Exercise materials.

BEGIN

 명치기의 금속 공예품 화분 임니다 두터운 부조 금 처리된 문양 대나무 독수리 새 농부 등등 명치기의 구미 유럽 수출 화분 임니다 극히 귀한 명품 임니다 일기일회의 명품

END
BEGIN

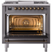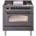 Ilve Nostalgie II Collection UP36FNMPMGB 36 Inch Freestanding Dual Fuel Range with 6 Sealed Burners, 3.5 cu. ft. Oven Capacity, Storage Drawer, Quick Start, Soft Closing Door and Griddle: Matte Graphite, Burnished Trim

END
BEGIN

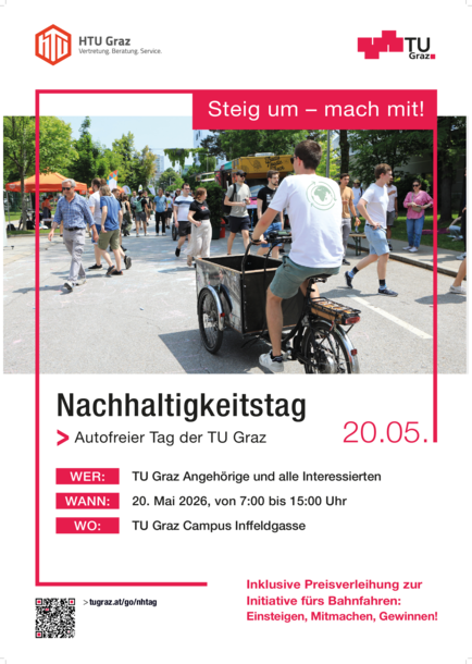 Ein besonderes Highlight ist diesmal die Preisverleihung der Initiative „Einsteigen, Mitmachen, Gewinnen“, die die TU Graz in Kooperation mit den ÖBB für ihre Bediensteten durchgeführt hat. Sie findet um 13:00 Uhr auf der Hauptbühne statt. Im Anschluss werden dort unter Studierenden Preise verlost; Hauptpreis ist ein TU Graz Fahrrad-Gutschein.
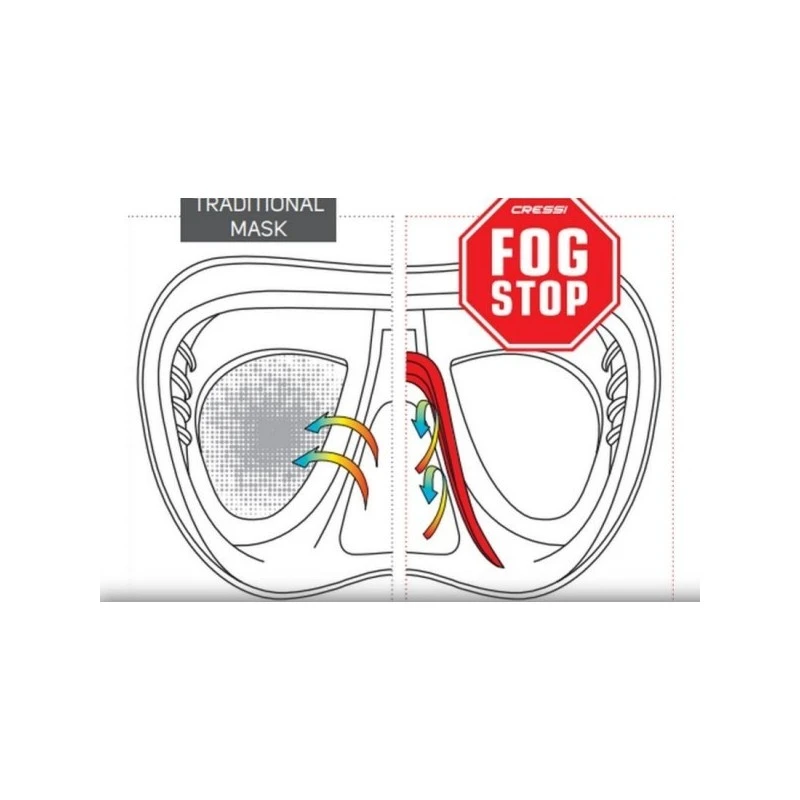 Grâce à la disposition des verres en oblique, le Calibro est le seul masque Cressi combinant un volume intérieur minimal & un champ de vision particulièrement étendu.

END

The problem.
Once the line with "Ein besonderes Highlight" is found above, transcribe each line from it through the line with "Grâce à la disposition", exactly, and omit the pictures.

Task output.
 Ein besonderes Highlight ist diesmal die Preisverleihung der Initiative „Einsteigen, Mitmachen, Gewinnen“, die die TU Graz in Kooperation mit den ÖBB für ihre Bediensteten durchgeführt hat. Sie findet um 13:00 Uhr auf der Hauptbühne statt. Im Anschluss werden dort unter Studierenden Preise verlost; Hauptpreis ist ein TU Graz Fahrrad-Gutschein.
 Grâce à la disposition des verres en oblique, le Calibro est le seul masque Cressi combinant un volume intérieur minimal & un champ de vision particulièrement étendu.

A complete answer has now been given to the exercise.